= California Fair Employment Practices Act =

The California Fair Employment Practices Act (FEPA) was a statute passed and enacted in 1959 that barred businesses and labor unions from discriminating against employees or job applicants based on their color, national origin, ancestry, religion, or race. Prior to being repealed and reenacted under the California Fair Employment and Housing Act in 1980 the law was codified under part 4.5 of the Labor Code.

The FEPA as well as similar legislation passed earlier in other states (notably New York and New Jersey) drew its inspiration from the Fair Employment Practices Commission (FEPC) set up by the federal government during World War II. Upon the disbandment of the FEPC in 1945, California assemblymen Augustus F. Hawkins and William Byron Rumford (both members of the California Democratic Party) led the effort to pass fair employment legislation in the state. Hawkins drafted the initial legislative proposal in 1945, but would alternate with Rumford in introducing a fair employment bill during each succeeding session from 1945 to 1959. The bill that was passed and signed into law by Governor Pat Brown in 1959 was authored by Augustus F. Hawkins.

In 1946, a fair employment practices measure that would have created a statewide commission to enforce the proposed provisions appeared on the ballot as Proposition 11, but was decisively defeated. From that point onward, supporters of a statewide fair employment practices commission focused their efforts on getting a bill passed in the California State Legislature. Nevertheless, the bills introduced by assemblymen Augustus F. Hawkins and Byron Rumford failed to gain traction until the emergence of the California Committee for Fair Employment Practices in 1954. It brought together a coalition of religious, community, civil rights, and labor groups to exert popular pressure on legislators. During this time period California was also undergoing a general shift in political attitudes that would have far-reaching ramifications for the future of fair employment legislation.

1959 marked a turning point in California state politics with the Democratic Party beginning a period of electoral dominance over the California Republican Party in California State Legislature races. With Pat Brown elected Governor of California in 1958 it also marked the first time since 1883 that the Democrats had control over both chambers of the legislature and the state executive office. With this new political power the Democrats were able to secure the passage of Hawkins' proposal through the legislature by April of that year. Governor Pat Brown signed the FEPA into law on April 16, 1959 and it became effective a few months later on September 18, 1959.

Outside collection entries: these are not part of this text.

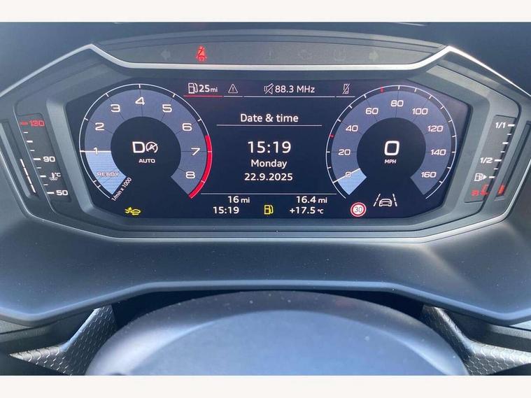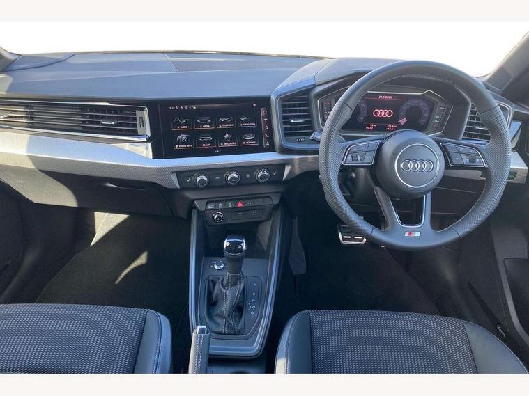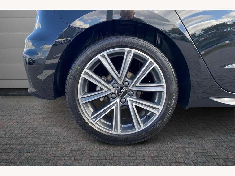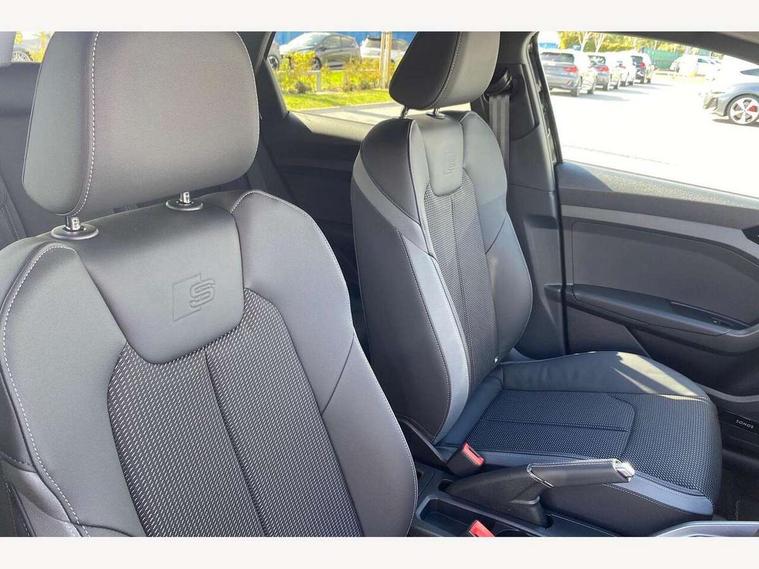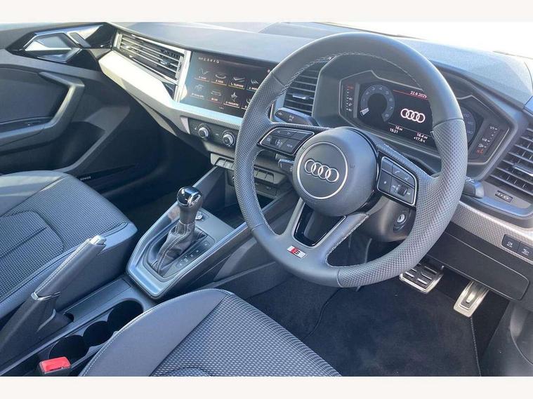 10.25" Digital instrument cluster display classis style instrument dials + speed, odometer, time, outside temperature, telephone menu + fuel level warning, Advanced driver attention and drowsiness monitor, Audi connect emergency call and service, Audi drive select, Audi remote connect and control, Audi smartphone interface, Bluetooth interface, Camera based traffic sign recognition, Cruise control, Driver's information system, Electromechanical power steering, Lane departure warning system, Rear parking sensor, Service interval indicator, Speed limiter, Start stop system with recuperation, Voice control system, Washer fluid level indicator, Sports suspension, 2 x USB type C connection points, 6 loudspeakers, DAB Digital radio, MMI radio plus with 10.1" colour MMI display screen and MMI touch, Auto dimming rear view mirror, Body coloured door mirrors, Door sill trims with aluminium inlays and S line logo in front, Electric front and rear windows, Electrically adjustable, heated, folding door mirrors with integrated LED side indicator, Front side air inlets in grained matt black and C frame in anthracite black, Headlight cleaning system, Heat insulating glass windscreen and side windows, Heated rear windscreen, High level LED brake light, LED daytime running lights, LED headlights with range control LED rear lights + dynamic rear indicators, Light and rain sensors, Privacy glass, Radiator grille and rear diffuser in matt anthracite black, Radiator protective grille frame in matt aluminium silver, Rear fog lights, Rear side wing doors, Rear wiper, S line badges on front wings, Side front spoiler lips in grained matt black, 12V socket in centre console with two cup holders, 3 rear seats with headrests, 3 seat bench in 2nd row, 3 spoke leather multi-function plus steering wheel features S badging and grips in perforated leather with contrast stitching, 40:60 Split folding rear seat or fully collapsed, Black cloth headlining, Front and rear velour black floor mats with contrast stitching in fine silver, Front head restraints, Front passenger seat, Height and reach adjustable steering wheel, Interior lighting includes roof module, front and rear reading lights and right luggage compartment lighting, ISOFIX child seat mounting for front passenger and outer rear seats including top tether attachment point of outer rear seats, Leather gear knob with aluminium trim, Leather handbrake grip, Manual air conditioning, Manual height adjustable for driver and front passenger seat, Manually adjustable lumbar support in front seats, Stainless steel pedals, Ambient lighting package - A1, Luggage compartment pack - A1, S line exterior styling pack - A1 Sportback, 3x3 point rear seatbelts, Audi pre-sense front with pedestrain and cyclist recognition, Brake assist function, Driver and front passenger airbag with front side and head airbags, Electronic Stability Control including ABS, EBD, ASR and EDL, Front passenger airbag deactivation switch, Hill hold assist, Manual rear child locks, Seatbelt height adjustment for front seats, Seatbelt monitoring, Tyre pressure loss indicator, Warning triangle and first aid kit, Anti theft alarm, Anti theft wheel bolts, Immobiliser, Remote control key with safelock, Aluminium trim for control switches, air vents and digital instrument cluster, Black dashboard, Silver grey inlays polygon structure in diamond paint finish, Structured grey accent surfaces insert of air vents, interior door handle recesses and centre console in quartz paint finish,
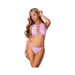 From the Exposed by Magic Silk collection, this style includes: A halter mesh bralette featuring blacklight reactive retro daisy print, looped elastic detail with bright lilac elastics, daisy beads, swan hook closure at the neck, hook & eye closure at the back, and a matching cheeky panty.
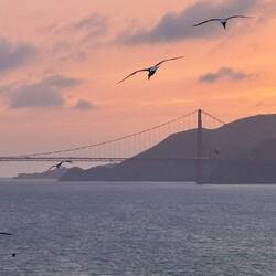Über SFO zeigte sich ein wunderschöner Sonnenuntergang und wir rannten hin und her, in der Hoffnung, den Moment festhalten können.
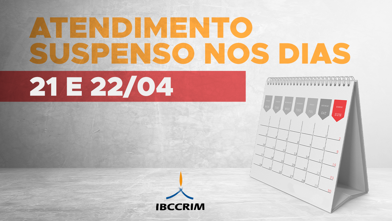 Atendimento suspenso no feriado de Tiradentes O IBCCRIM não funcionará nos dias 21 e 22/4 devido ao feriado de Tiradentes. Bom feriado a todos e todas! Leia mais » abril 2022
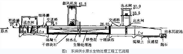 東深原水經(jīng)沉砂區(qū)去除大的砂粒,再由粗格柵攔截大的漂浮物,細(xì)格柵攔截小的漂浮物及懸浮物后,進(jìn)入該工藝的主體--生物處理池,使有機(jī)污染物和氨氮因氧化作用而得到降解。詳見(jiàn)東深供水原水生物處理工程工藝流程(圖1)。
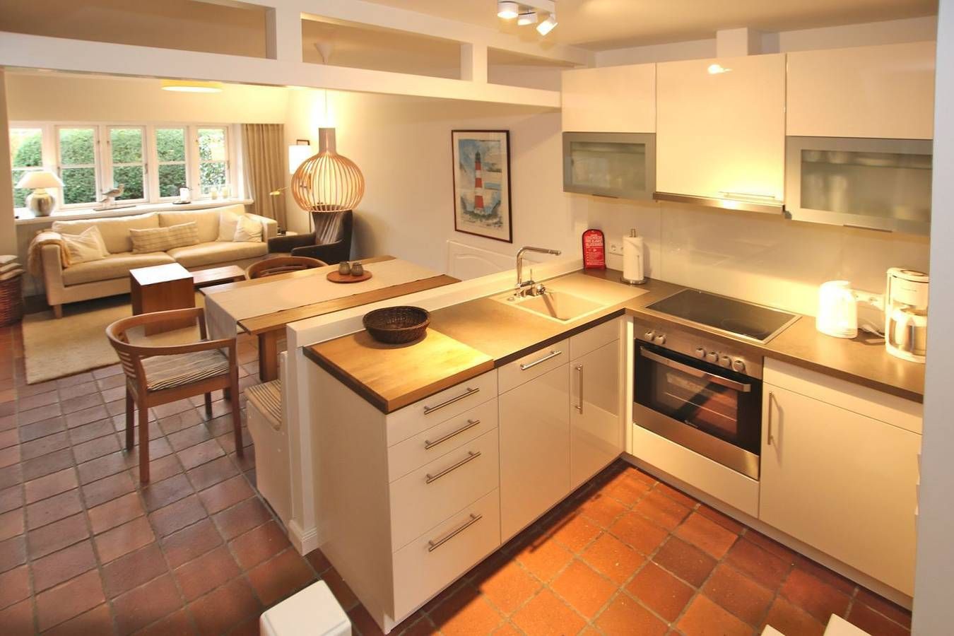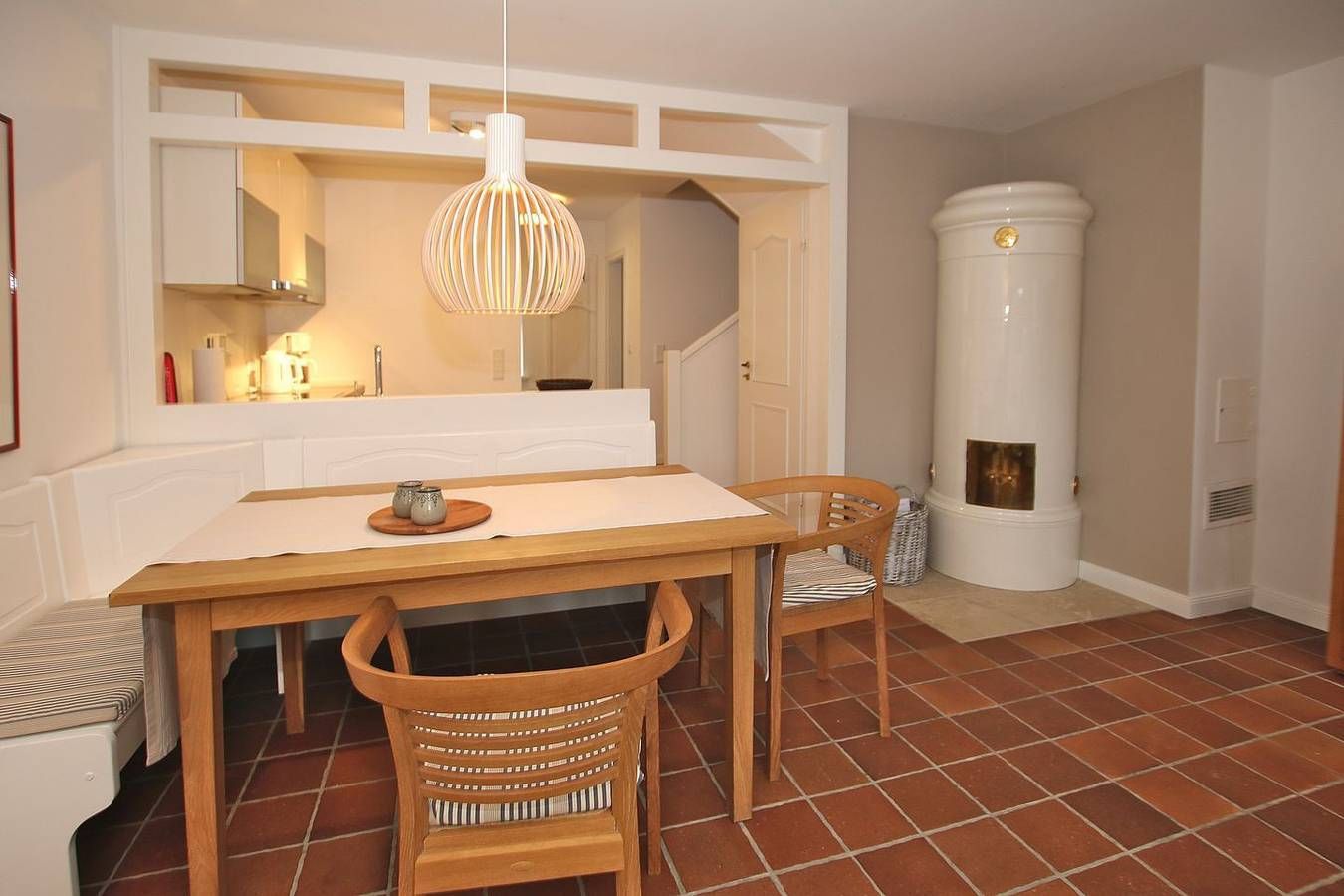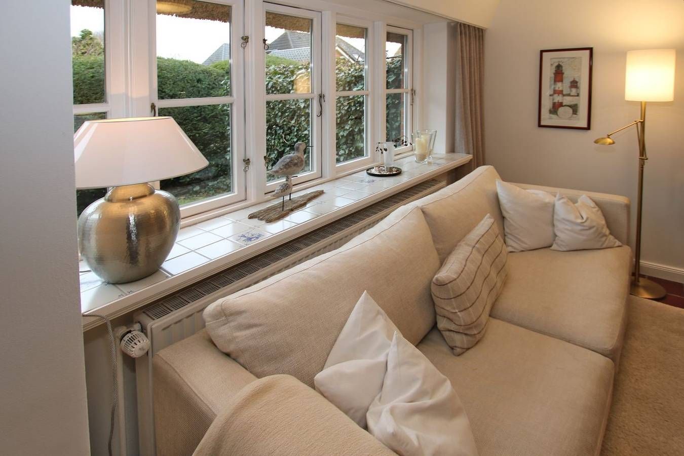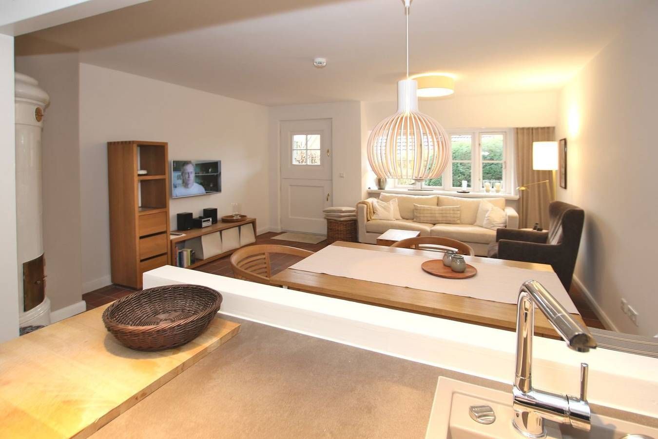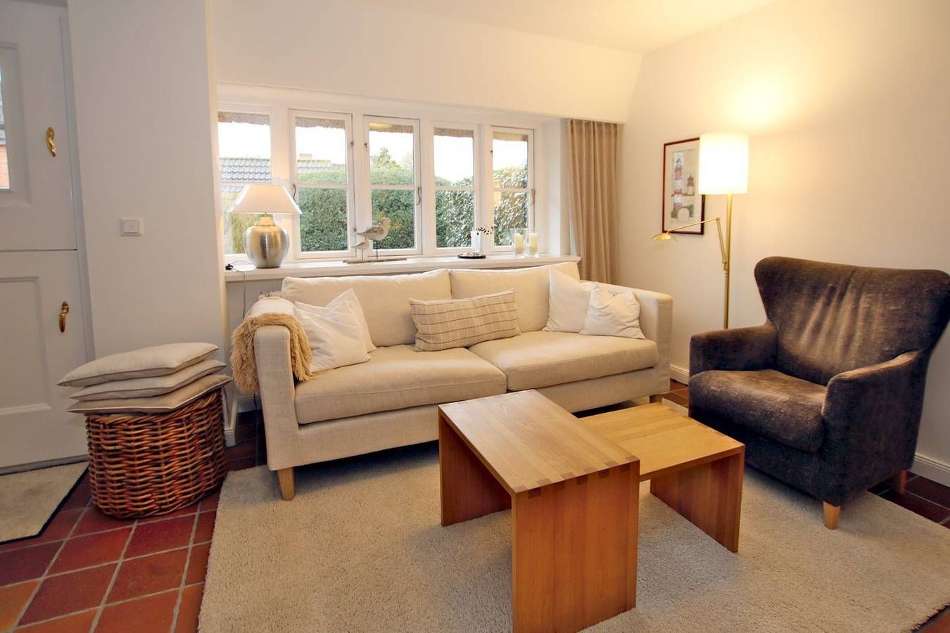 Ferienwohnung in Wrixum auf Föhr, Ohl Dörp 22 Pastoratshof, Haus 7: Gemütliche 3-Zimmer-Nichtraucher -Wohnung in einem Reetdachhaus. WOHNZIMMER: mit 3er Couch und 1 Sessel, Kachelofen. KÜCHENBEREICH: Komplett ausgestattet mit...
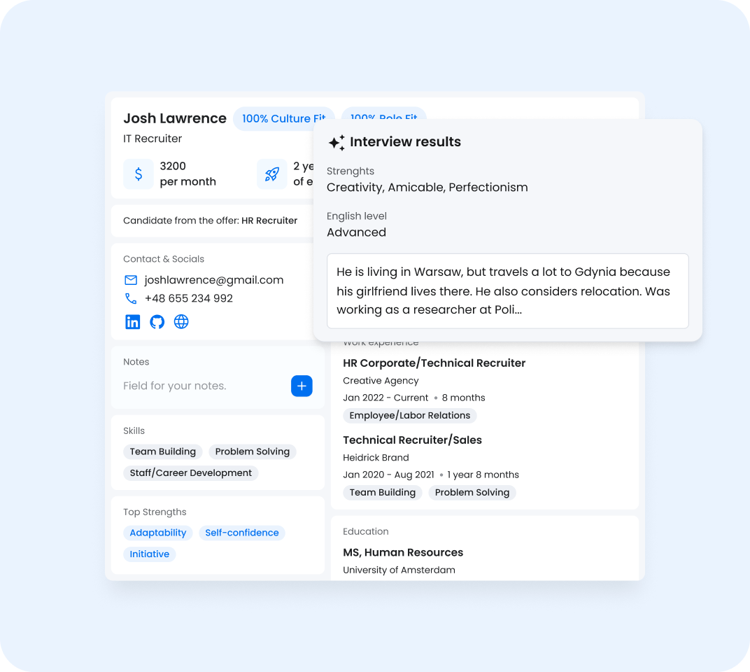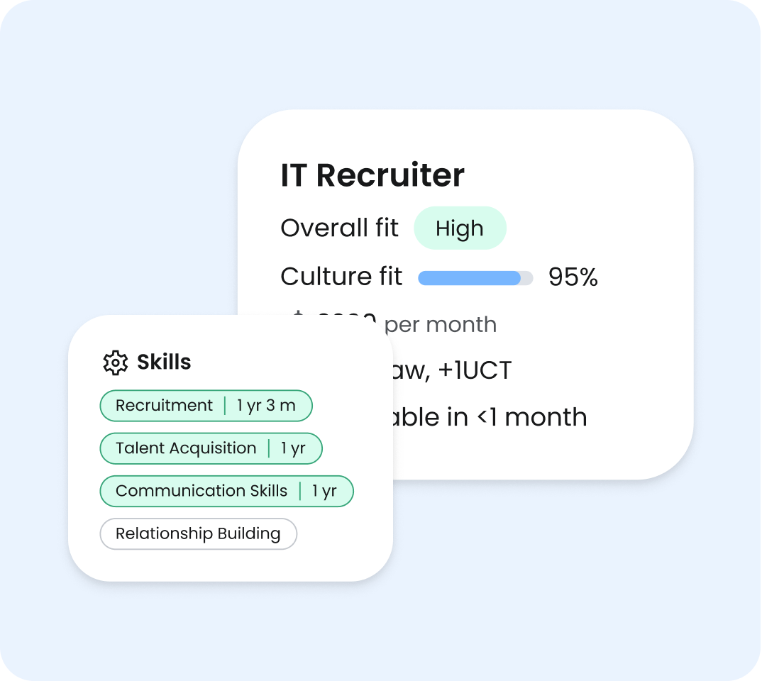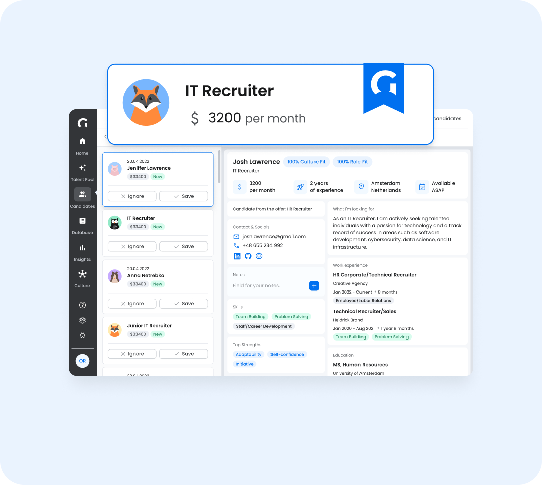 Filter by skills, salary, industry background, location, remote time-zone, language and work eligibility. Filtering is about speed and accuracy at the same time, so you waste less time talking to candidates that are not a fit due to your hard criteria or budget.

In a press release summarizing some of the statute's main provisions, Hawkins wrote that the FEPA "creates as a new division in the Department of Industrial Relations a State Fair Employment Practices Commission of five members. Powers of the Commission include receiving, investigating, hearing and passing on complaints involving discrimination. It has the power to issue orders to eliminate discrimination if found to exist." He also specified in the same release that "subject employers are those employing five or more persons."

In 1970, the Fair Employment Practices Act was amended to include a protection against gender discrimination.